» **DATA BLOCK**
▶

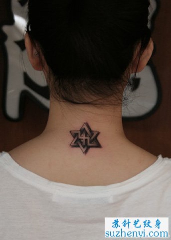 后颈部六芒星纹身_个性纹身图案大全_纹身图吧
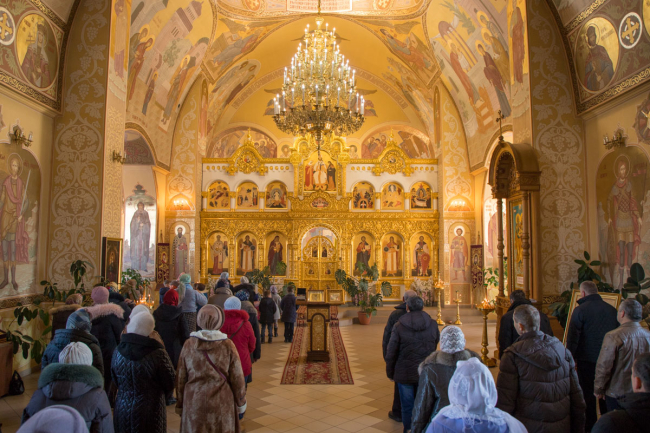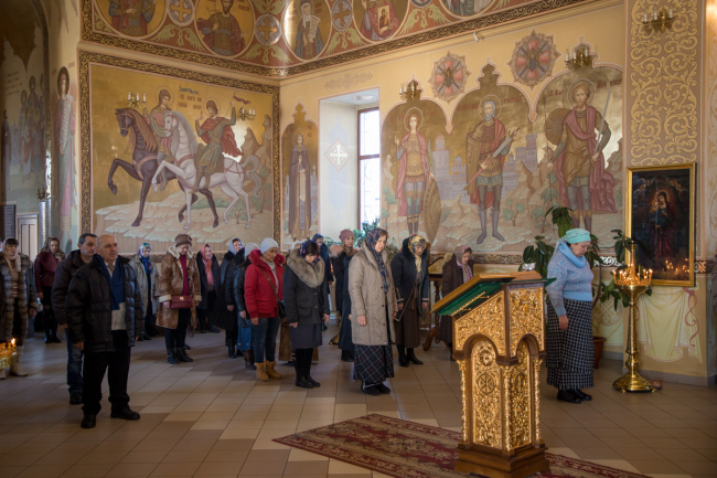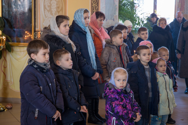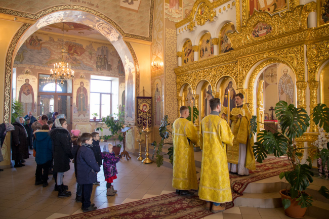 После занятия ребята пошли в храм на церковную службу. Так как не все дети могут выстоять на богослужении 2,5 часа, их там оставляют примерно на 30 минут. Затем у учеников есть время для подвижных игр.
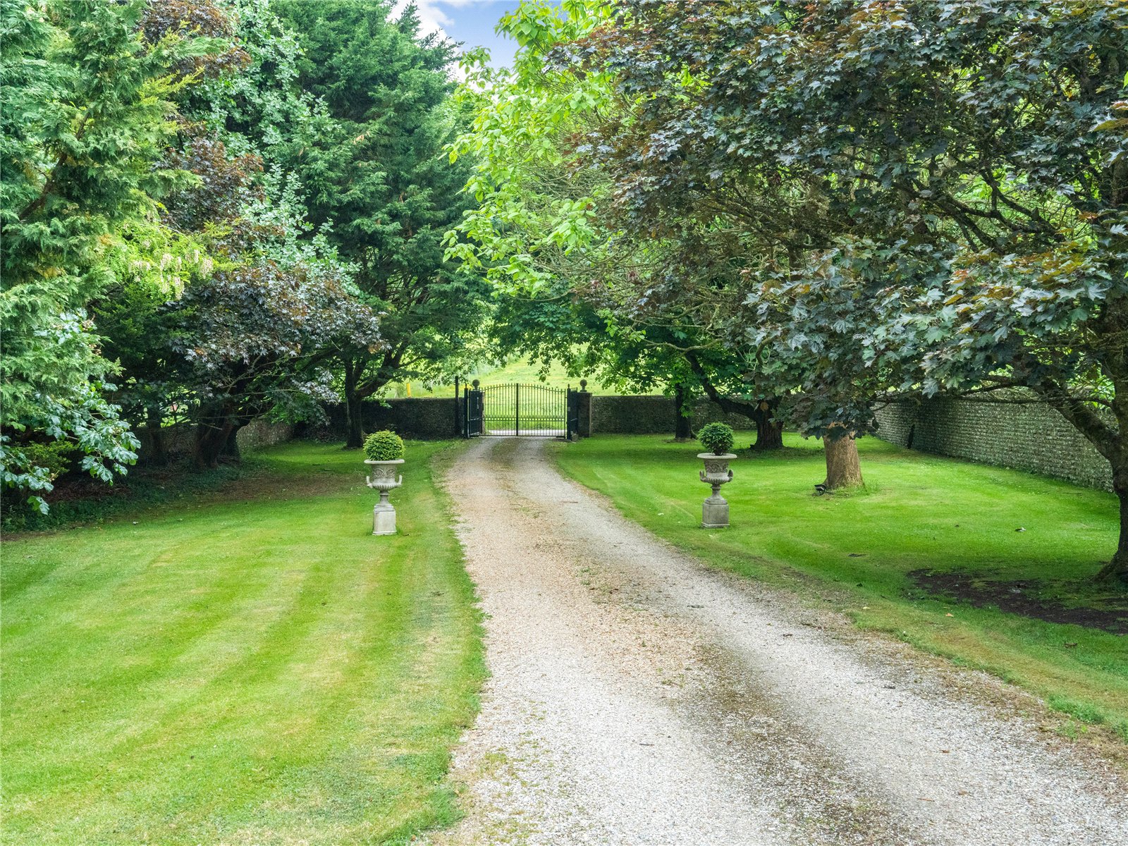DRIVEWAY: This is approached off a quiet country lane through electrically operated meatal gates, which comprises of a gravel driveway with and lawns and trees lined either side and which widens into a generous turning and parking areas, with the driveway then continuing past the pool building and to the garage complex.

◀

» **TASK PROMPT**
Skip every picture and return the lines above from the top through the one that contains "После занятия ребята".

» **SOLUTION FOR THIS TASK**
 后颈部六芒星纹身_个性纹身图案大全_纹身图吧
 После занятия ребята пошли в храм на церковную службу. Так как не все дети могут выстоять на богослужении 2,5 часа, их там оставляют примерно на 30 минут. Затем у учеников есть время для подвижных игр.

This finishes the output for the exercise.